この恥ずかしがる仕草がとても可愛い。僕は彼女のこうしたところに惚れているんだと思う。
その後、ロゼットはいつも以上に激しく僕を求めてきた。
大好きな人が憧れの人に認められたのが嬉しかったのか、自分が「可愛い」と褒められたのが嬉しかったのかは分からないが。
* * *
「審査官さん、起きてください」
翌朝、ロゼットの声で目を覚ました。彼女は隣で横になり、大きな瞳で僕を見つめていた。
「今日も仕事があるんでしたよね?」
「うん……」
「審査官さん、また不安そうな顔をしてますよ?」
ロゼットは僕の顔を見て言った。彼女はどことなく不安な表情をしている。どうやら僕の不安が彼女にも伝播しているらしい。何か、申し訳ないなぁ……。
でも、こうしている間にも門が消えるときが近づいているのだ。
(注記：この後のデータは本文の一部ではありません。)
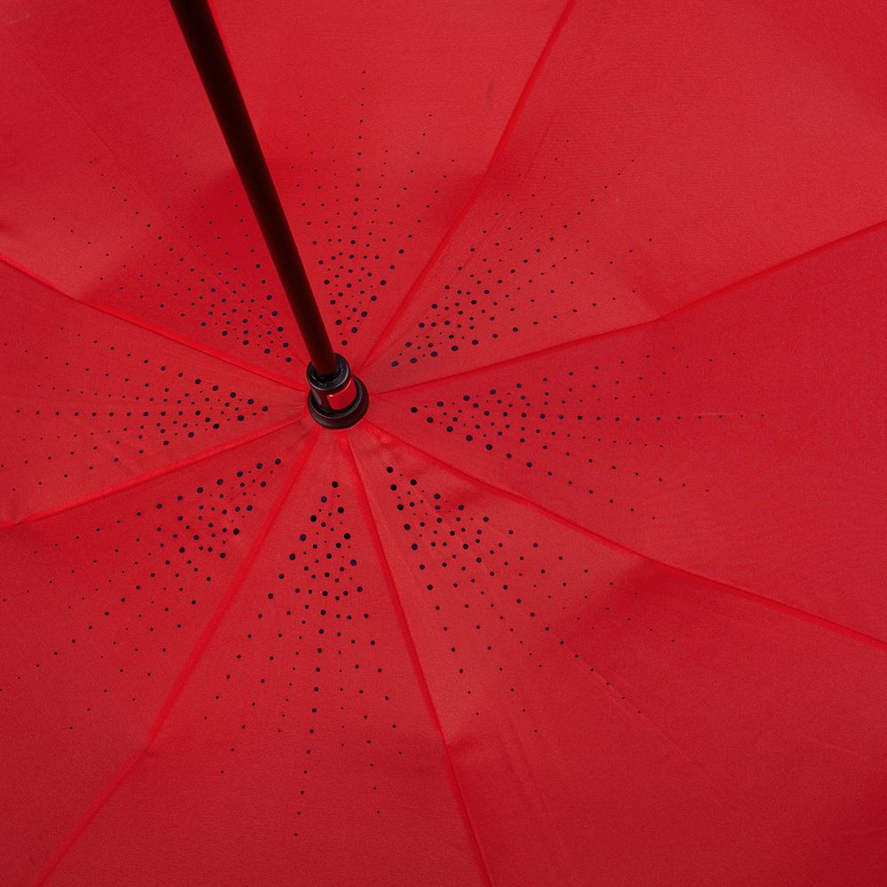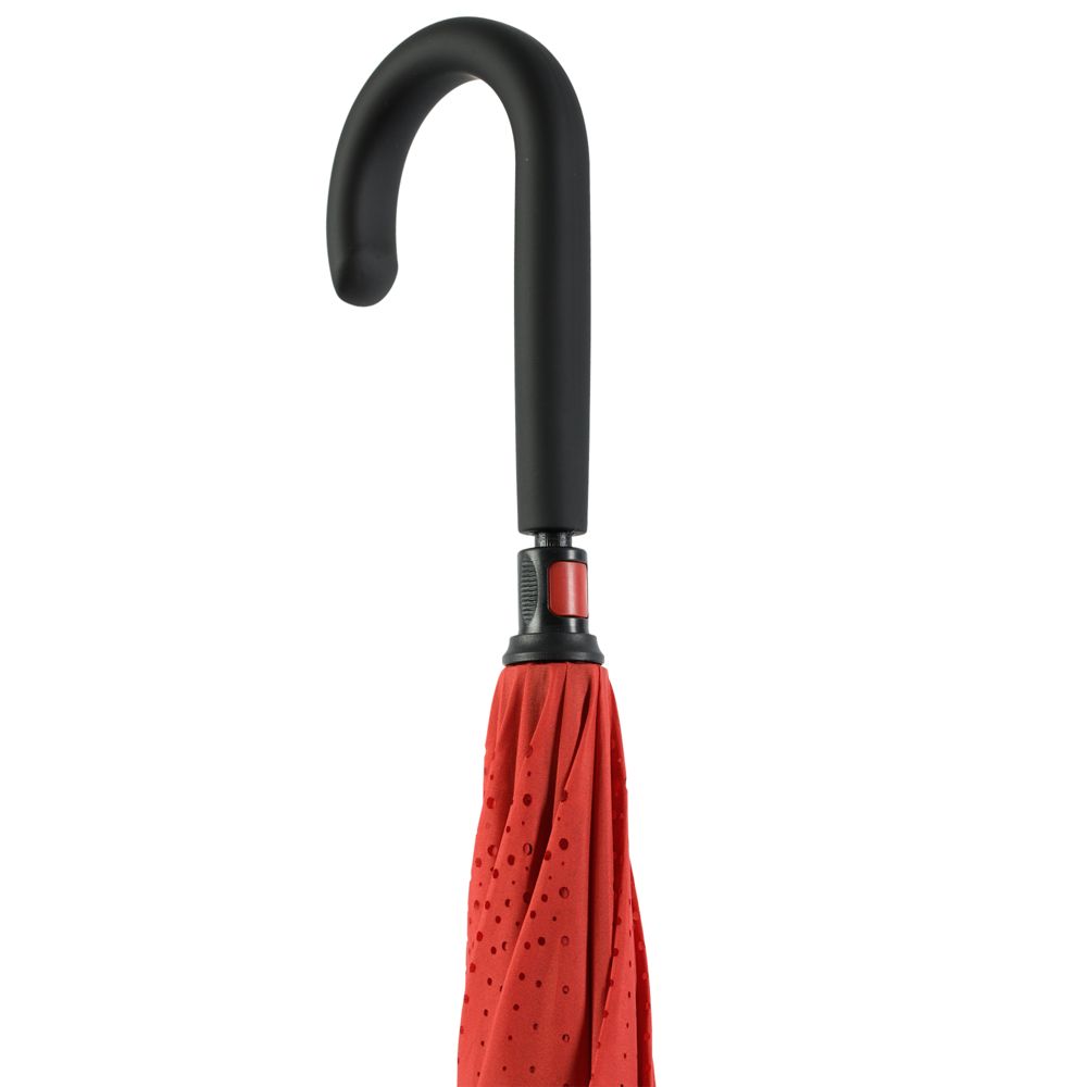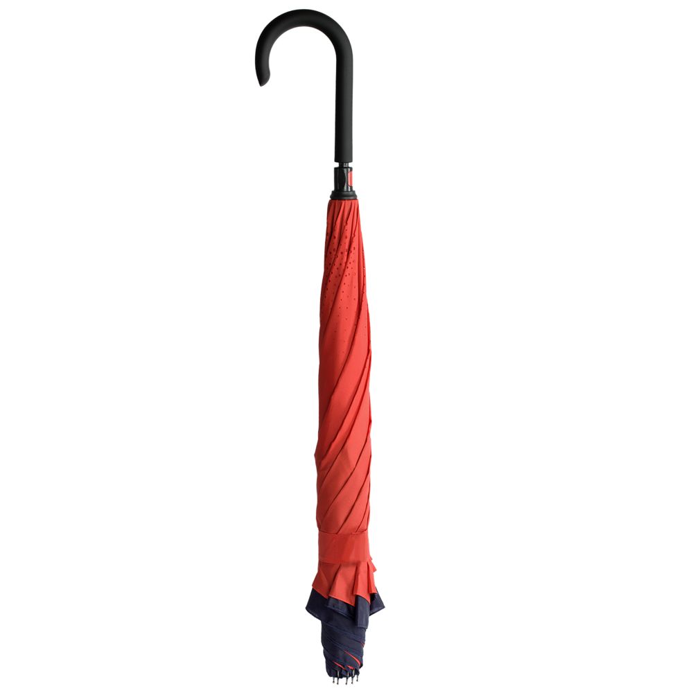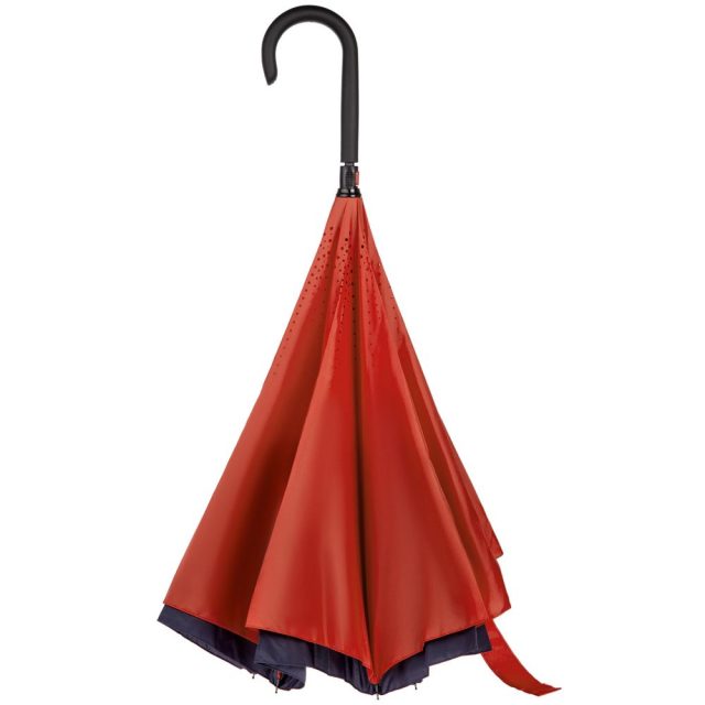 Это зонт-наоборот, зонт-наизнанку. Складываясь после дождя, он прячет мокрую поверхность в себя, а сухая остается снаружи. Для просушки его можно не только подвесить за ручку, как обычные зонты, но и поставить прямо на пол в полусложенном состоянии. Итог — мягкая щадящая просушка и минимум занятого мокрым зонтиком места.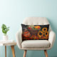 Halloween decoration on an old table with all great gifts of Halloween. Carved pumpkin, sunflowers and more pumpkins make a perfect Halloween photo and therefore a great gift for this spooky holiday.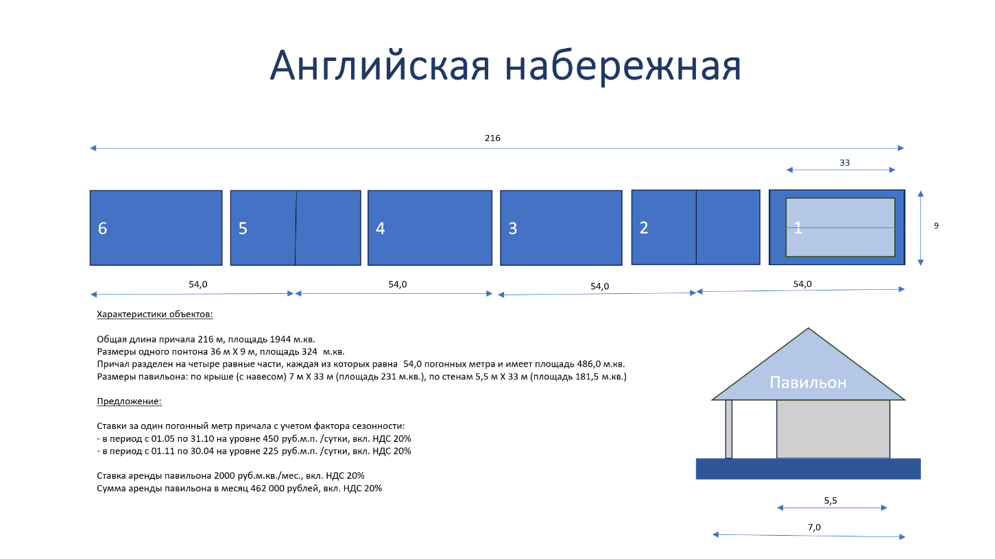 Каждый лот - одна часть причала длиной 54 погонных метра (причальная стенка). Начальная цена каждого лота: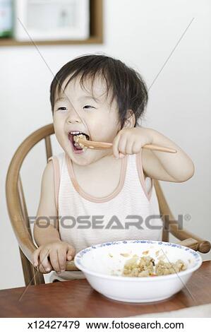 Baby Boy 18 24 Months Eating At Table Stock Photo X12427479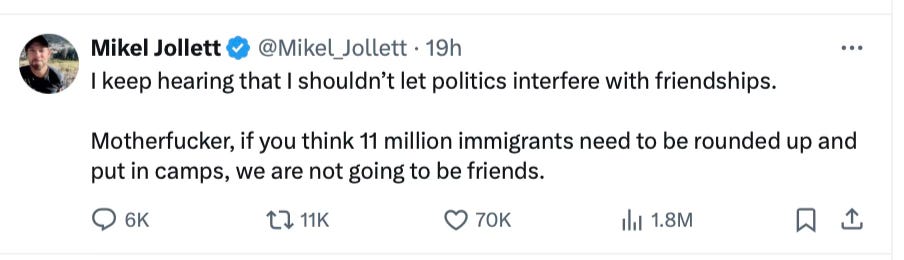 Power to the state against the individual is how you stop fascism now. Because if free people choose the guy who says he’s going to fix the border problem and yes, that might include some deportations — that means we are no longer able to staff our labor force and grow a stronger coalition in the swing states.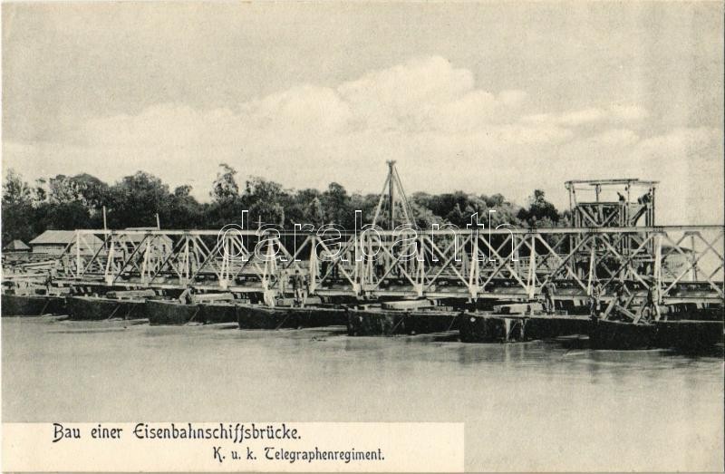 Cs. és kir. távirati ezred vasúti hajóhíd építése közben / Bau einer E... https://www.darabanth.com/en/377-Online-auction/377.0/Postcards/Militaria~2000082/Cs-es-kir-tavirati-ezred-vasuti-hajohid-epitese-kozben-Bau-einer-Eisenbahnschiffsbruck~II2122370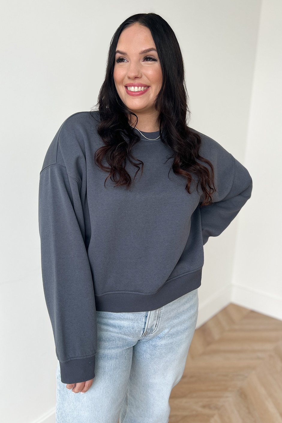 The Running Late Sweatshirt lives up to its name with soft fleece and a relaxed drop shoulder fit. Comfortable enough to wear all day, easy enough for rushed mornings.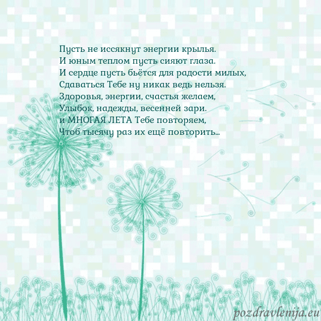 Пусть не иссякнут энергии крылья. И юным теплом пусть сияют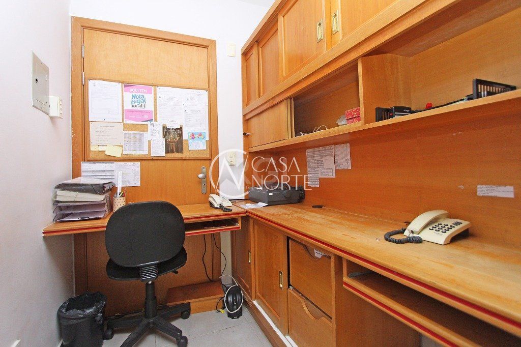 3 salas comerciais UNIFICADAS, com 86m² privativos, 3 banheiros (1 transformado em copa), sala de recepção, sala de reunião, sala central com 11 estações, diretoria, departamento pessoal, depósito/almoxarifado e 2 vagas de garagem cobertas e escrituradas. De fundos, totalmente silencioso e com ótima posição solar. Possibilidade de desmembramento, com entradas e documentação individuais. Condomínio com portaria (em horário comercial), elevador e salão de festas com terraço. EXCELENTE localização no bairro Menino Deus, a poucos minutos do Hospital Mãe de Deus e Zaffari Menino Deus, com todos os recursos nas proximidades.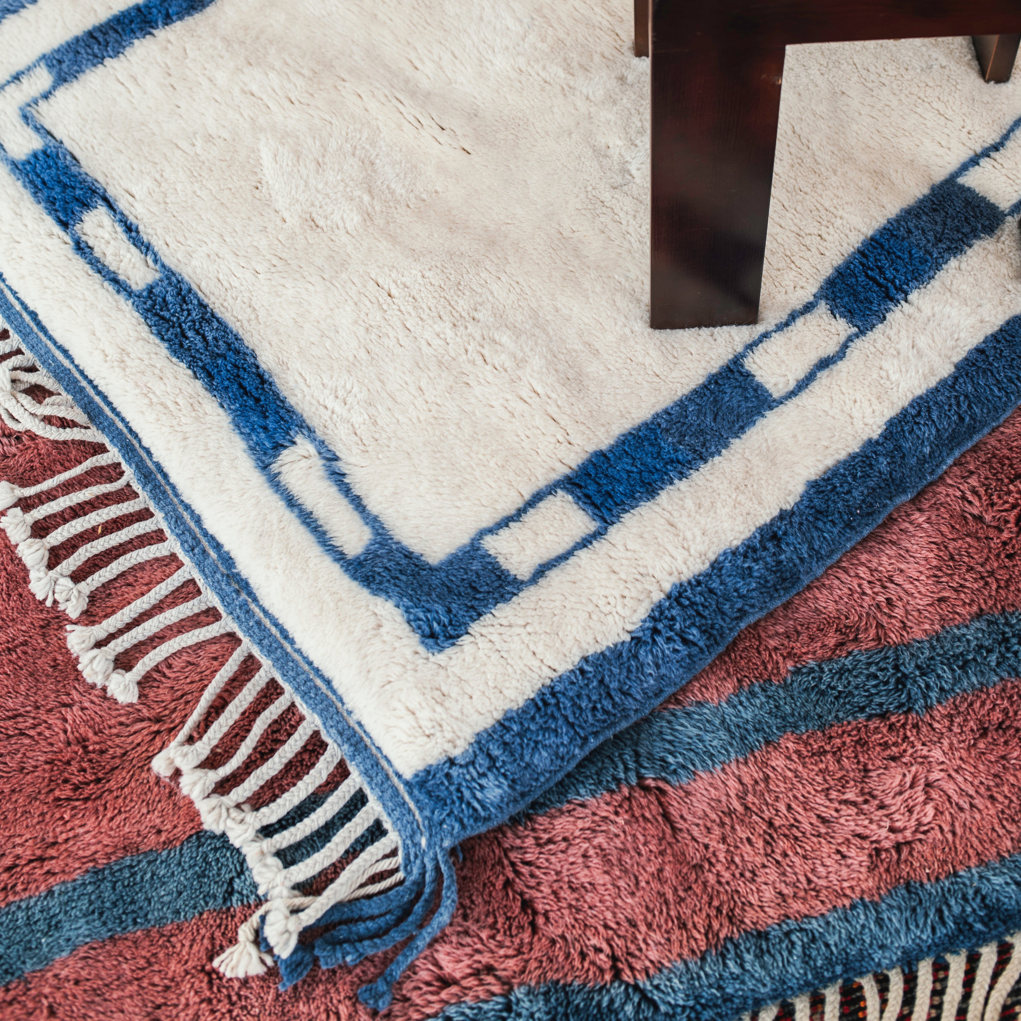 Bordures finds its rhythm in the simplicity of a double line, a quiet frame that gives shape and balance to the rug. It carries the clarity of architecture yet holds the softness of the hand, where Berber tradition meets a modern eye. Hand knotted in Morocco with natural wool, it offers a grounding presence, both graphic and gentle, made to live with and grow into.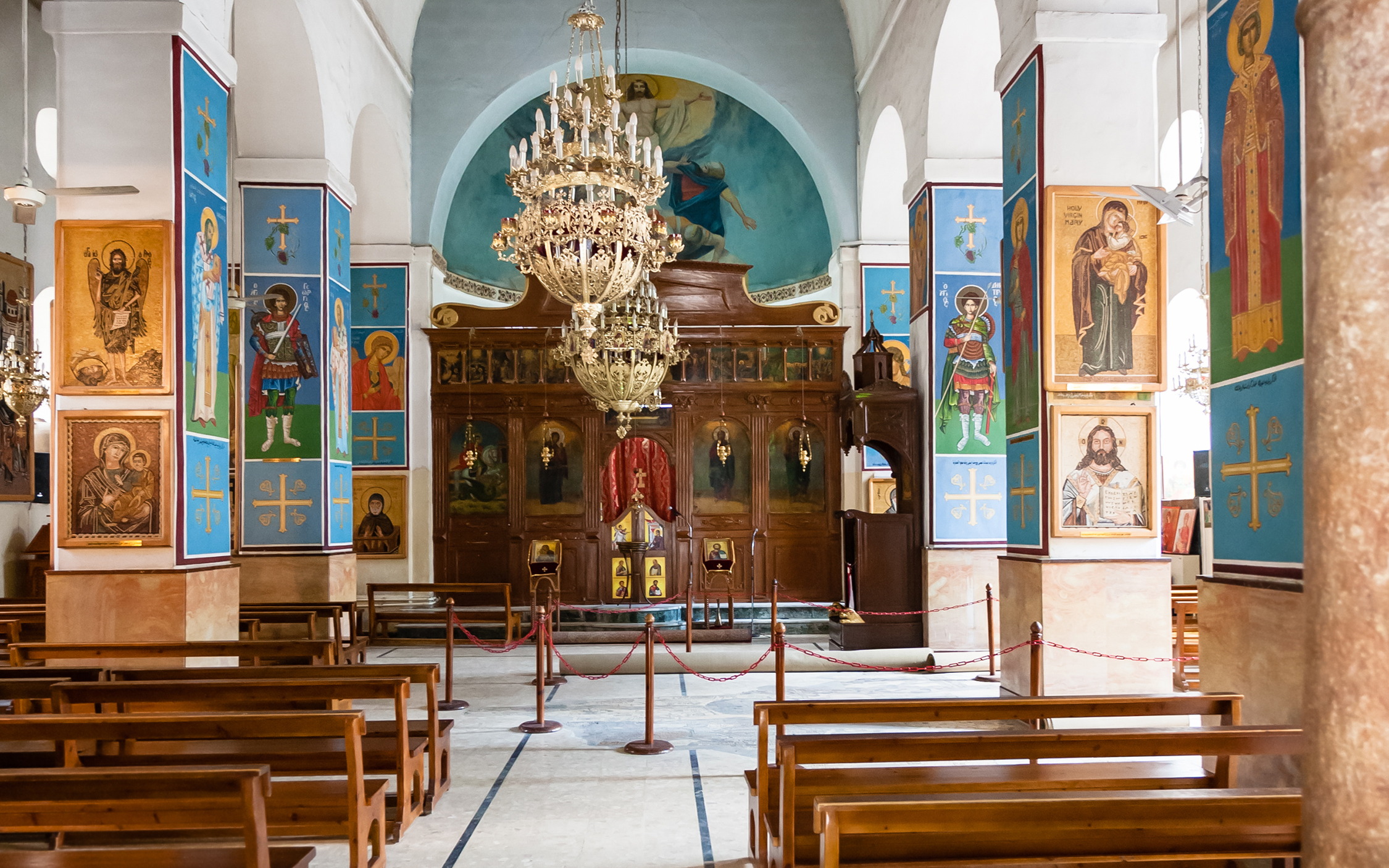 The Greek Orthodox church of St. George in Madaba houses some of the most beautiful icons in the region. But it is also the place where the most intriguing (and revealing) map of the Holy Land is found: the legendary “Madaba Map,” an intricate floor mosaic dated in the 6th century, the oldest cartographic depiction of the Holy Land preserved to the day. It covers most of the region, from Lebanon to the Nile delta, from North to South, and from the Mediterranean Sea to the Eastern Desert, from West to East. In it, more than 150 towns, villages, cities and places of interest are featured, including some exceptionally intriguing symbols that, according to some archaeologists, represent pilgrimage places.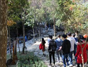 一路上, “千年駱駝”、“空中走廊”、“一線天”的景點美不勝收,盡管山里天氣比較冷,但難于阻擋小伙伴們的熱情;一路嬉笑打鬧,一邊欣賞沿途美景,好不愜意!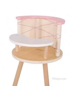 Дървено столче за хранене превръща грижата за любимата кукла в истинска роля у дома и дава на детето удобен начин да подреди „храненето“ така, както го е виждало в ежедневието.

転職先も決まってないのに、不安を取り除くなんてできない。
「審査官さん?」
「……あ、あぁ、どうしたの?」
「そんなに悩んでいるなら、職場見学をして決めたらどうですか?」
彼女が口に発した提案もまた、僕の人生を大きく揺るがすものだった。
「……職場見学?」
「日本の諺で知りました。『百聞は一見に如かず』です。実際に向こうの世界を見に行くんです。こっちの世界よりも気に入るかもしれませんよ?」
「うーん。向こうの世界かぁ……」
僕はずっと審査官をやってきたが、これまで一度も異世界に行ったことがなかった。写真や映像で見たことはあるが、『大聖堂』がどんな場所なのかも知らない。
ロゼットにそう言われ、急に気になってきた。
向こうの世界はどんな場所なのだろう?
門が消える前に、向こうの世界を見ておいた方がいいのかもしれない。確かに、何も知らないまま向こうに行って、イメージと異なっていたら困る。
実際の異世界を全く知らないのに、僕は何を悩んでいたのだろうか。
「……そうだね。『大聖堂』に行こうか、職場見学にさ」
「えっ?」
「ロゼットも一緒に来る?」
「……はい! 一緒に行きましょう! 審査官さん!」
こうして僕らは、門がいつ消えるか分からない状況の中、異世界に1週間ほど旅行することに決めたのだ。